-- INSTRUCTIONS TO FOLLOW --
Omit pictures and quote the listing below line by line, from its start through the line that holds "Figure 4: Experimental".

-- RECORDS FOR PROCESSING --
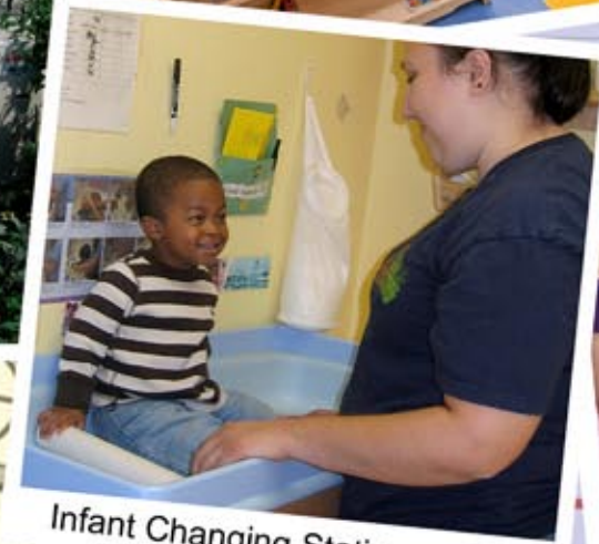
Infant Changing Stations
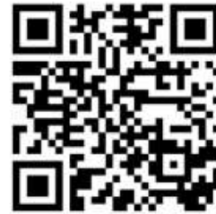
Website QR Code

The Blind and Low Vision Support Group is resuming! Monthly meetings start on Wednesday February 19th, at the Smith-Kettlewell Eye Research Institute. No cost is involved, and all are welcome to attend.
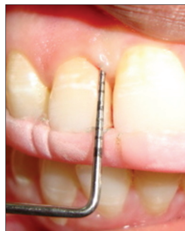
Figure 4: Experimental site A Baseline measurements ("0" day) Fixed reference point to base of pocket

A local route of drug delivery can attain 100-fold higher concentrations of an antimicrobial agent in sub-gingival sites compared with a systemic drug regimen. It is possible that chemical antimicrobial agents locally applied into periodontal pockets may further suppress periodontal pathogens and thereby augment the effects of conventional mechanical periodontal therapy. [4]

-- TASK ANSWER --
Infant Changing Stations
Website QR Code

The Blind and Low Vision Support Group is resuming! Monthly meetings start on Wednesday February 19th, at the Smith-Kettlewell Eye Research Institute. No cost is involved, and all are welcome to attend.
Figure 4: Experimental site A Baseline measurements ("0" day) Fixed reference point to base of pocket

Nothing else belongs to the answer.